We will replace all opensource products within a normal ELK stack with AWS Service. 

EKK Stack all together can manage and parse huge amount of log data, that can be used further for analytical, troubleshooting , central monitoring and alarming purposes using it's efficient GUI and without taking the burden of infrastructure availability and scalabilty, we can use all AWS service to deploy the entire elasticsearch services.

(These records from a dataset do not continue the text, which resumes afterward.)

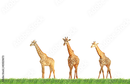 © Direk Takmatcha, Fototapeta premium Giraffe flock on green grass field
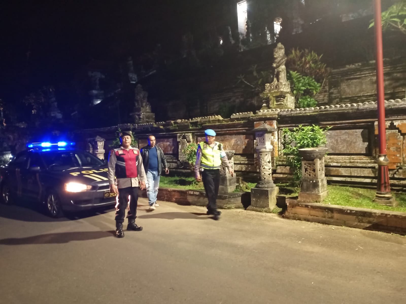 Menjaga Situasi Tetap Kondusi Pada Malam Hari, Sat Samapta Polres Bangli Sambangi Tempat Suci Pura Kehen, Kel. Cempaga, Kec. Bangli
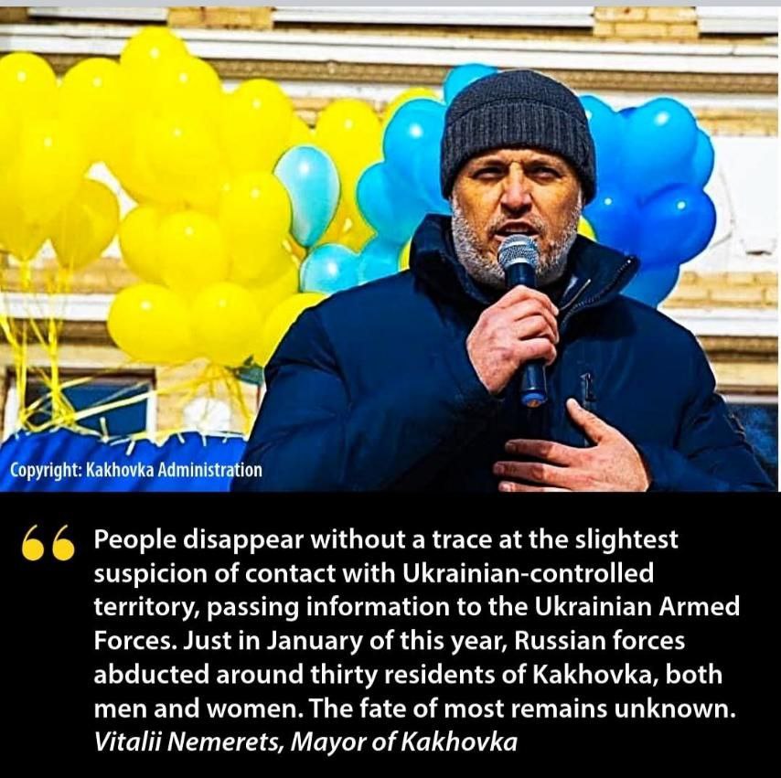 «Арешти та терор тривають. Люди безслідно зникають за найменшої підозри на контакт з підконтрольною Україні територією, передачу інформації ЗСУ чи здійснення пожертв на потребу армії. Докладаються зусилля для евакуації людей на підконтрольні Україні території та у країни Євросоюзу. Нам вдалося евакуювати кілька багатодітних сімей та осіб, що потрапили під приціл окупаційної влади», – говорить Віталій Немерець (мер сусідньої Каховки) в одному з останніх інтерв’ю європейським журналістам.
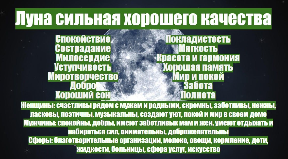 ЛУНА В БЛАГОСТИ (СИЛЬНАЯ, ХОРОШЕГО КАЧЕСТВА) 💧День недели - понедельник 💧Представитель в жизни - мама, беременные женщины, дети 💧Луна управляет Раком - женским знаком зодиака 💧В знаке Тельца Луна в экзальтации (максимальной силы) 💧Скорпион знак падения, ослабления (Марана-авастха) для Луны 💧4 дом лучший дом, Диг бала - дом направляющей силы 💧8 дом худший, 6, 12 неблагоприятны, 10 дом - дом нулевой Диг балы 💧Камень - жемчуг, лунный камень 💧Число 2 Приведу описание Луны из книги об астрологической совместимости супругов Олега Геннадьевича Торсунова. Луна связанна с женским началом, и потому характер этой планеты сильно выражен в теле и поведении женщин и в меньшей степени - мужчин. Луна дает женщинам красоту характера, способность приносить семейное счастье. Луна отвечает за взаимопонимание в семье, семейный уют, заботу, крепость семейных уз. Человек проявляет в своем поведении следующие качества: спокойствие, удовлетворение, сострадание, милосердие, деликатность, уступчивос
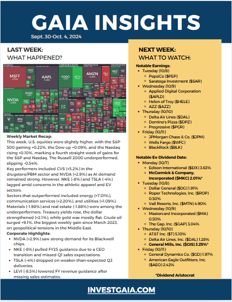 This week, U.S. equities were slightly higher, with the S&P 500 gaining +0.22%, the Dow up +0.09%, and the Nasdaq rising +0.10%, marking a fourth straight week of gains for the S&P and Nasdaq. The Russell 2000 underperformed, slipping -0.54%.
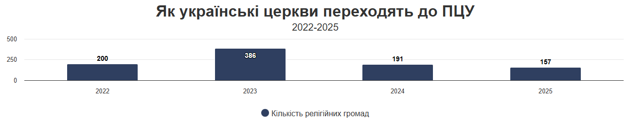 Пік переходів припав на 2023 рік — тоді змінили підпорядкування 386 громад. Торік таких було 191, а у 2025 році — 157. Варто зауважити, що перехід церкви з однієї митрополії до іншої займає тривалий час, тому дані в Єдиному державному реєстрі можуть різнитися від інформації "на місцях" та у ПЦУ.
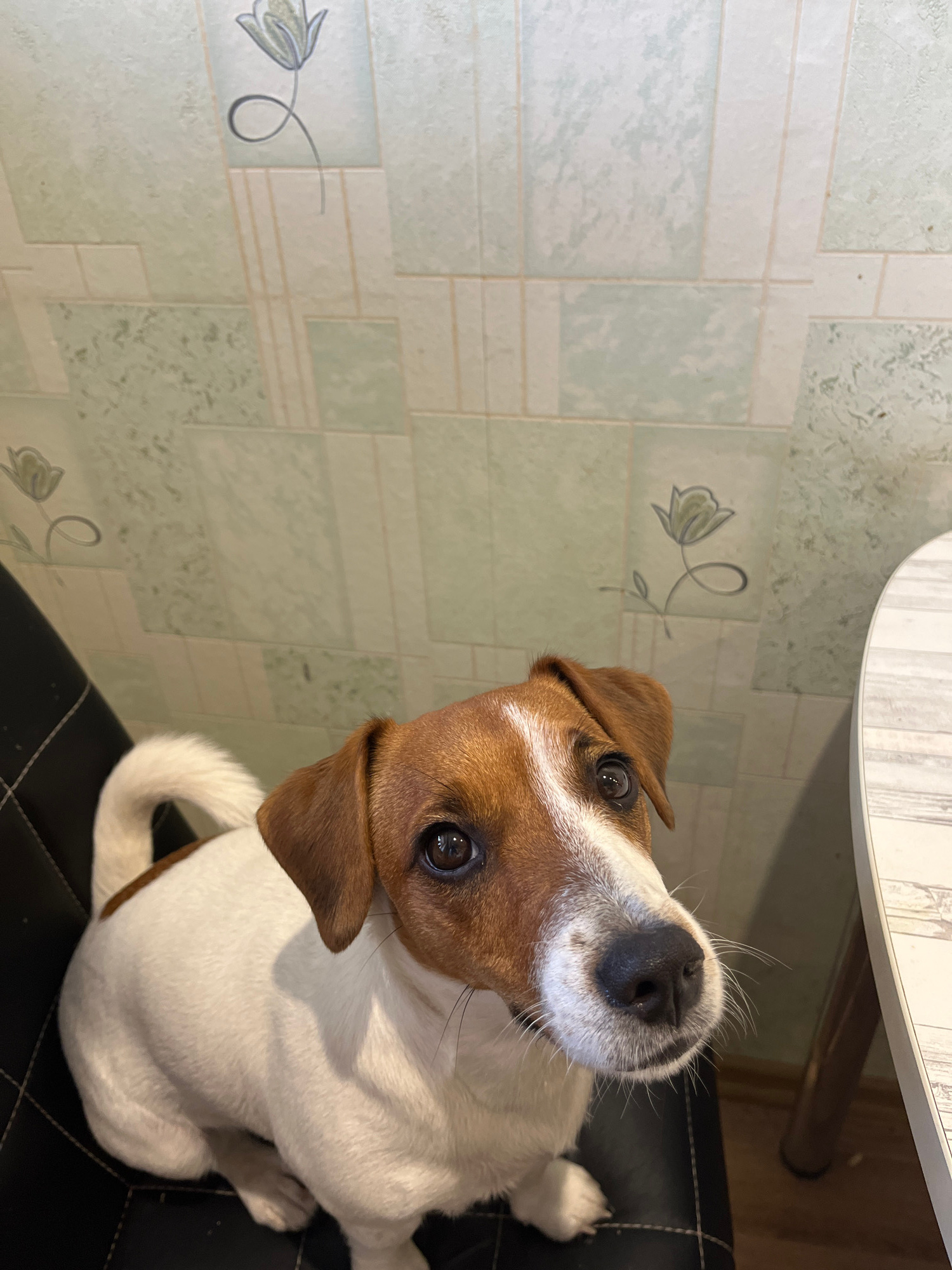 The image, taken in Chaikovsky, Russia, features a small, white and brown dog, likely a Jack Russell Terrier, sitting on a black, cushioned chair with white diamond stitching. The dog is positioned in…read more
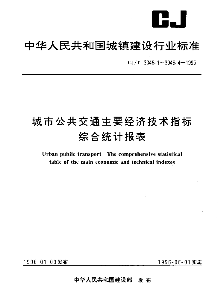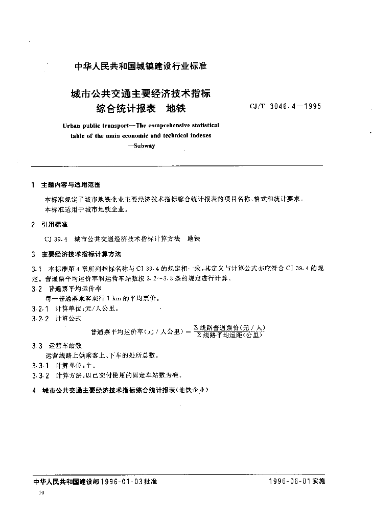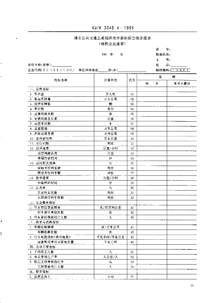 CJ/T 3046.4-1995 城市公共交通主要经济技术指标综合统计报表地铁
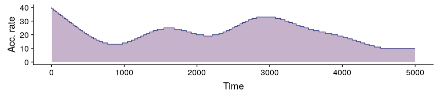 4. Generate a virtual accumulation rate. Note that virtual accumulation rates generated by the function simulateAccumulationRate are not intended to be realistic (similar to existing accumulation rate curves), but to provide the means to distort the pollen data in similar ways as real accumulation rate curves do. Still, the users can use their own accumulation rates, as long as they have the same estructure as the output of simulateAccumulationRate.
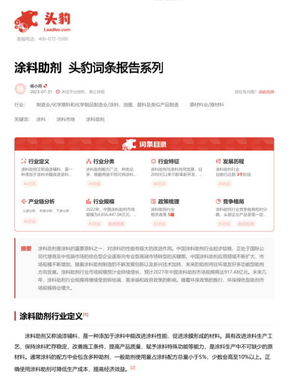 【头豹研究院】【20230731】涂料助剂 头豹词条报告系列-16页 行业研究
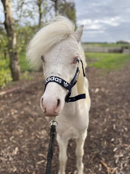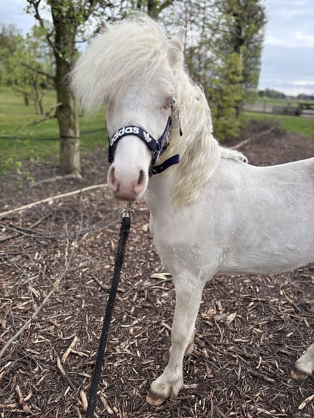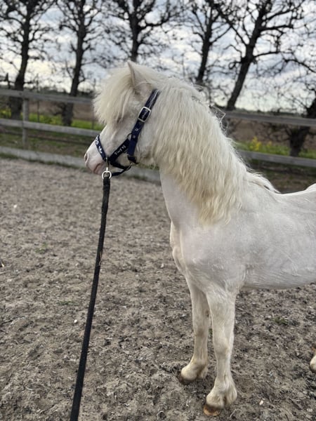 Prachtig Welsh A hengstje v.Cosfords Tic Toc Mvg Paaskamps Princenhage 1-4-2025 Cremello met nu al een enorme bos manen en mooi front.
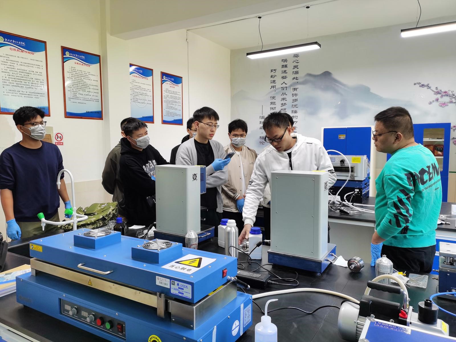 能动学院新能源电池研究团队正在对电池正负极浆料粘度进行测试

So below is the architecture we will be using and we will be enlisting all the AWS services used as compared to usual ELK Stack


EKK Stack Component

    • Elasticsearch and Kibana will be replaced by Amazon ElasticSearch Services, it includes Kibana dashboard too.
    • Logstash will be replaced by Kinesis Data Sream and Kinesis Data Firehose
    • Logstash client agent ( FileBeat ) client agent will be replaced by Kinesis Agent.
    You can have a look on one of my previous post of "How to install ELK Stack" to get an overview of how ELK stack works together with it's components.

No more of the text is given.